Хиль: Ну, скажи-ка, это было месяц или год назад?
Польский крестьянин: Нет-нет, это было давно, очень давно.
Хиль: Насколько давно? Сто лет назад?
Польский крестьянин: Наверное, сто.
Хиль: Хорошо, а как ты думаешь, сколько мне лет?
Польский крестьянин: Не знаю.
Хиль: Попробуй угадать.
Польский крестьянин: Может быть, десять, или двенадцать, или пятнадцать лет.
Хиль: Так как же я мог убить Христа? Ты говоришь, его убили сто лет назад и утверждаешь, что мне пятнадцать лет.
Польский крестьянин: А знаешь, ты прав.
Заметив, что он задумался над этим вопросом, я удрал.
Я никогда не рассказывал отцу о таких встречах, поскольку, что бы ни случилось, он всегда обвинял нас, своих собственных детей. «Не надо было туда ходить, – говорил он. – Не надо высовываться». Так он мыслил. Его приучили так думать.
Евреям в Польше жилось очень непросто, и приходилось мириться с этим. Ежеминутно тебе напоминали, что ты чужак. Поляки ненавидели нас. Все евреи чувствовали это даже в хорошие времена. Но я никогда не ощущал себя неполноценным. Мне просто было жаль невежественных и темных людей.

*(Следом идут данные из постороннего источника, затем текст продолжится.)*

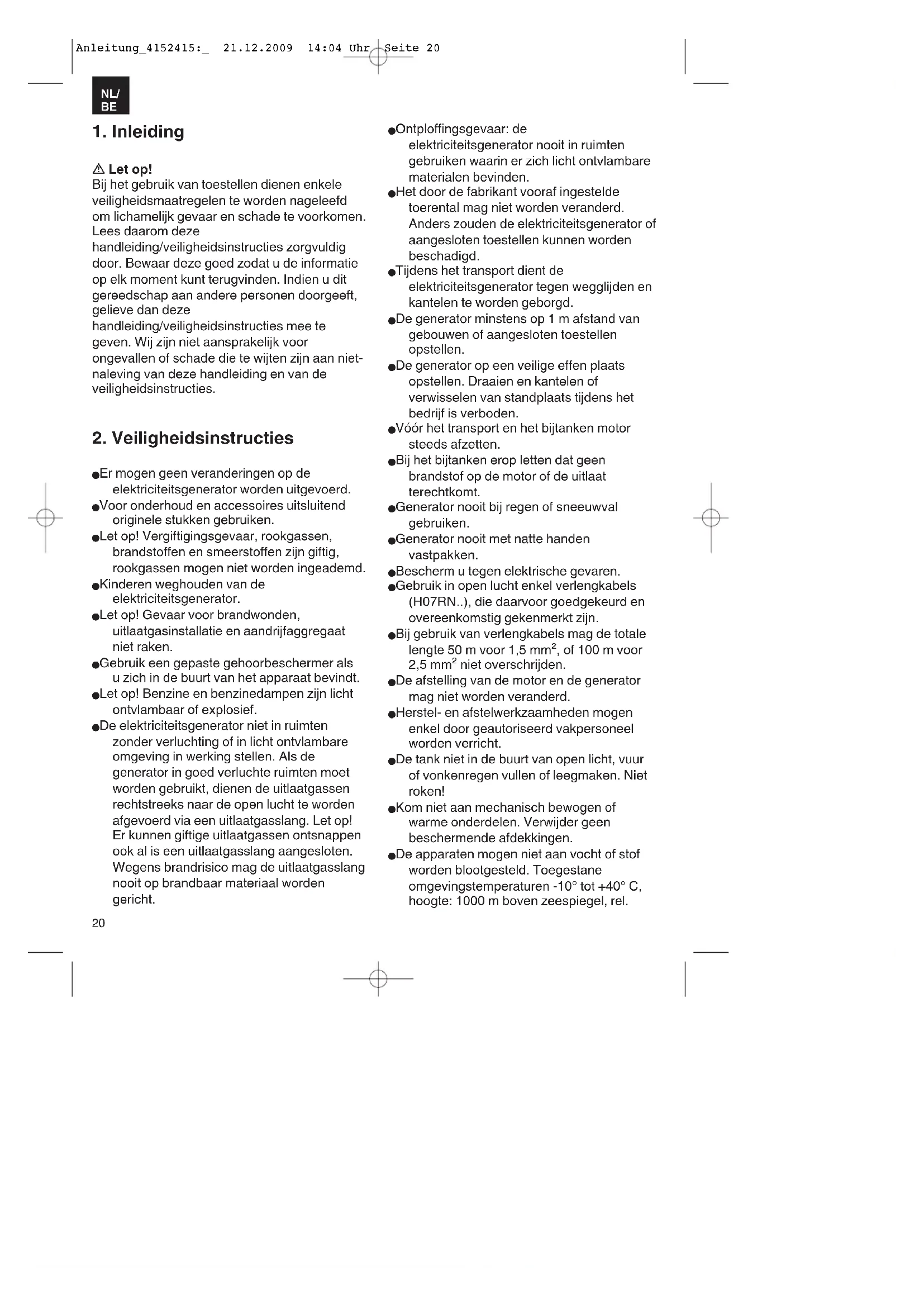 Anleitung_4152415:_ 21.12.2009 14:04 Uhr Seite 214. Reglementair gebruik Het toestel is geschikt voor toepassingen die op een wisselspanningsbron van 230 V draaien. Gelieve zeker de beperkingen vermeld in de veiligheidsinstructies in acht te nemen. De generator is bedoeld om elektrisch gereedschap aan te drijven en verlichtingsbronnen met stroom te voorzien. Gelieve bij huishoudapparaten na te gaan of ze geschikt zijn conform de informatie verstrekt door de fabrikant van het desbetreffende apparaat. Raadpleeg in geval van twijfel een geautoriseerde gespecialiseerde handelaar van het respectievelijke toestel. De machine mag slechts voor werkzaamheden worden gebruikt waarvoor ze bedoeld is. Elk ander verder gaand gebruik is niet reglementair. Voor daaruit voortvloeiende schade of letsel van welke aard dan ook is de gebruiker/bediener, niet de fabrikant, aansprakelijk. Wij wijzen erop dat onze toestellen overeenkomstig hun bestemming niet ontworpen zijn voor commercieel, ambachtelijk of industrieel gebruik. Wij zijn niet aansprakelijk indien het apparaat in ambachtelijke of industriële bedrijven alsmede bij gelijk te stellen activiteiten wordt gebruikt.
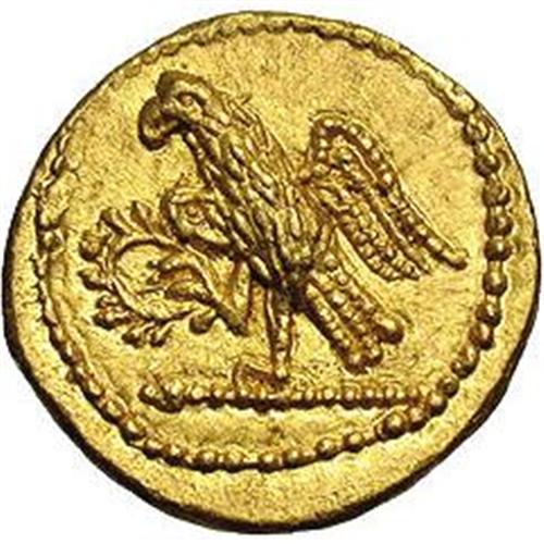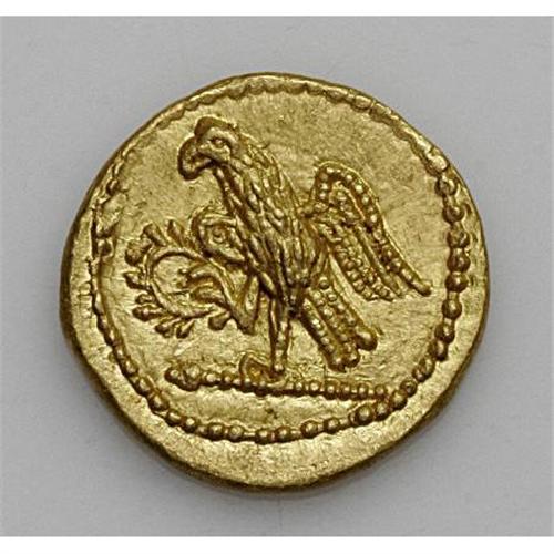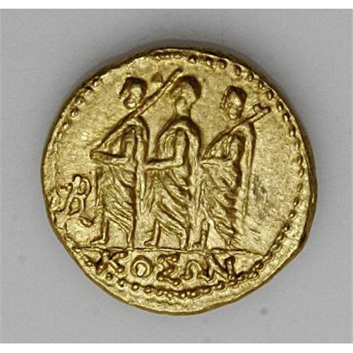 <B>Thracian Dynasts. Koson.</B></I> Ca. mid 1st century B.C. AV stater (20 mm, 8.41 g). Roman consul walking left, accompanied by two lictors; BR monogram to left / Eagle standing left on sceptre, holding wreath. RPC 1701; BMC Thrace p. 208, 2. XF.
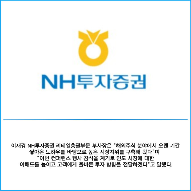 [프라임경제] NH투자증권(00594)은 인도 선도증권사 ICICI가 주최하는 '20th Annual 컨퍼런스 2025(인도 기업 IR 컨퍼런스)'에 참석했다.
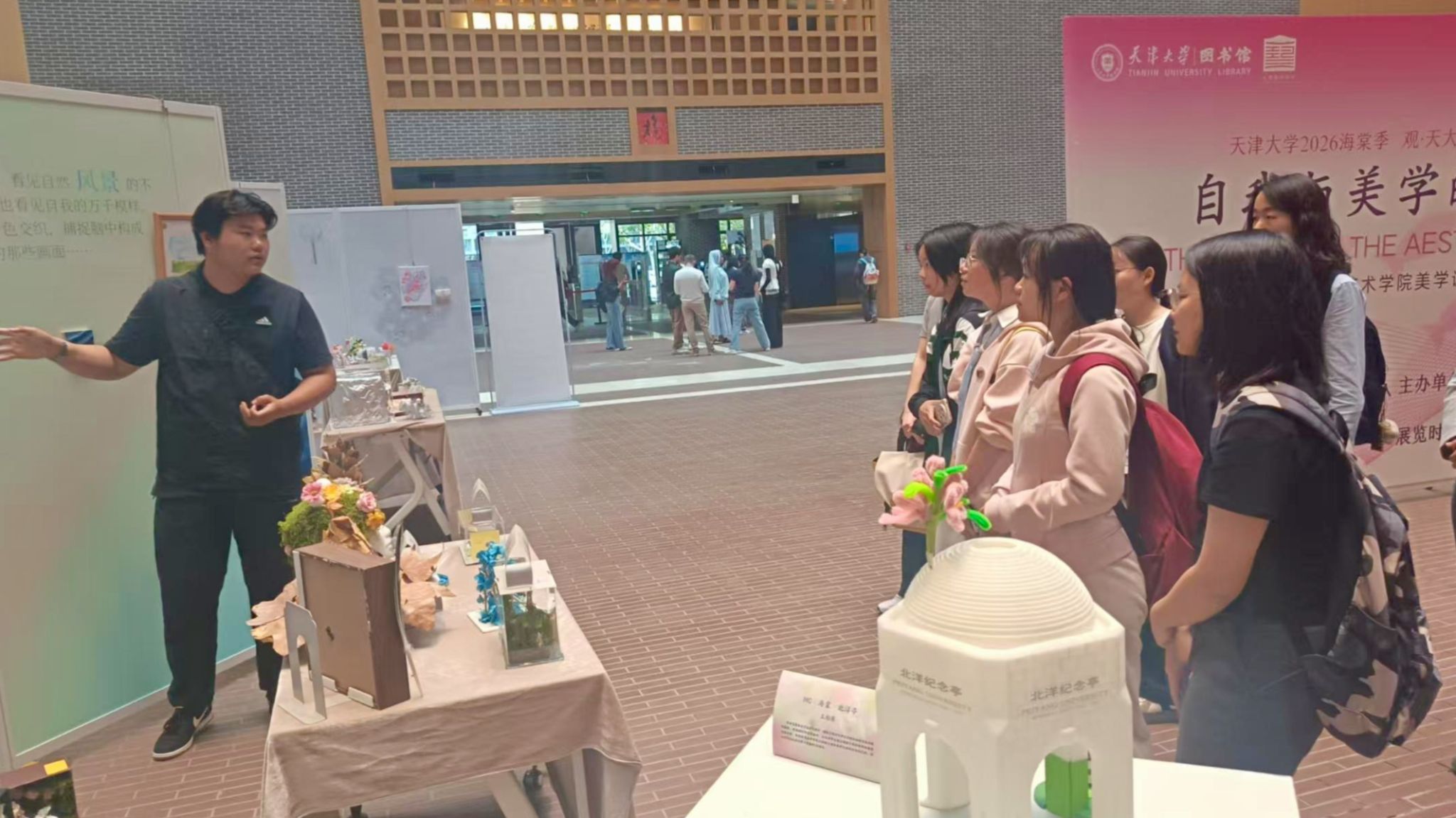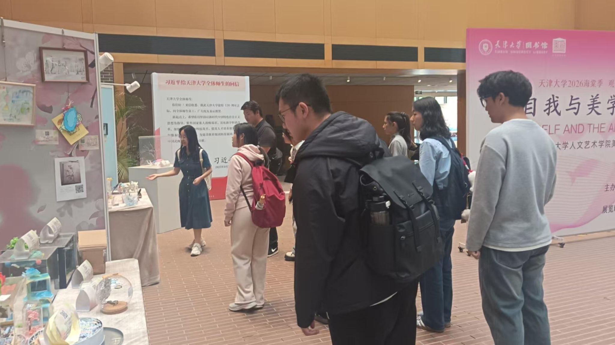 4月18日下午,地球系统科学学院与人文艺术学院在北洋园校区郑东图书馆一层展厅联合举办“自我与美学的凝视”展览参观活动。来自两个学院的2025级本科生到场参与。同学们共同走进展览现场,在人文艺术学院两位同学的引导、讲解下,完成了一次跨越学科的心灵对话。
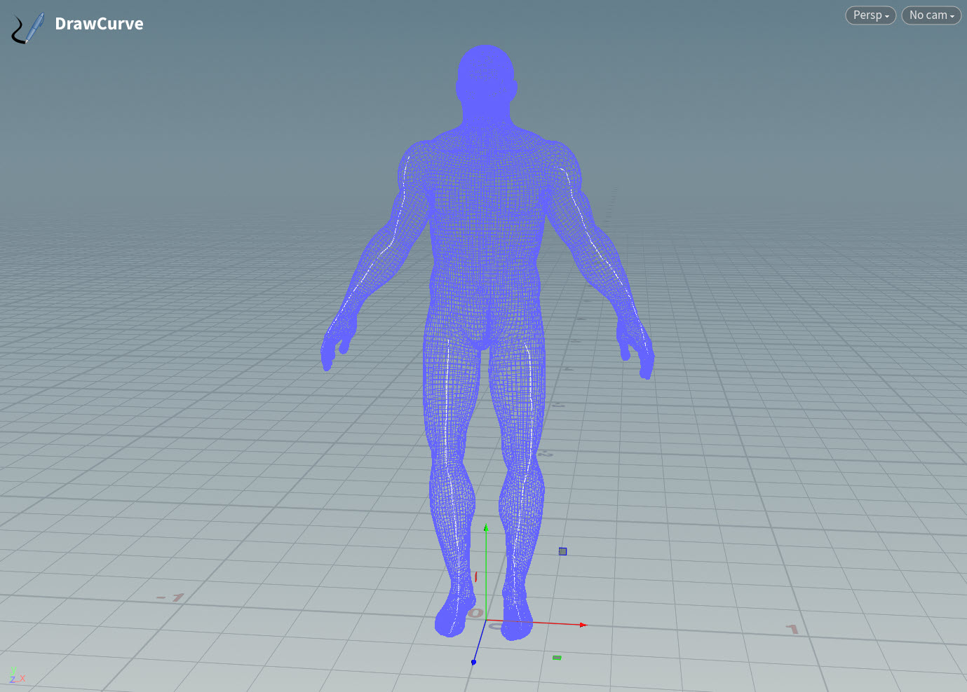 ビューポートで Tommy SOP を選択します。 Create ツールバーで Draw Curve を選択します。

Так мы и жили: бок о бок с поляками, но в разных цивилизациях. Но все менялось в базарные дни, когда люди сходились, чтобы что‐то купить или продать. Однажды отец послал меня на рынок купить продукты для семьи. Я увидел, что толпа собралась вокруг парня, который играл в трехкарточный Монте[19]. Я внимательно наблюдал за игрой, пока ставки делали другие. Все проигрывали, но я каждый раз правильно угадывал карту. Значит, я смогу выиграть.
Мне, мальчишке, было невдомек, что игроки – сообщники парня-ведущего. Он не применял мошеннического трюка, когда они делали ставки, чтобы заставить зевак вроде меня присоединиться к игре. Я не смог противостоять искушению. Мне казалось, что я точно знаю, какую карту выбрать. Мой палец указал не на ту карту, и все деньги, выданные мне отцом, были потеряны.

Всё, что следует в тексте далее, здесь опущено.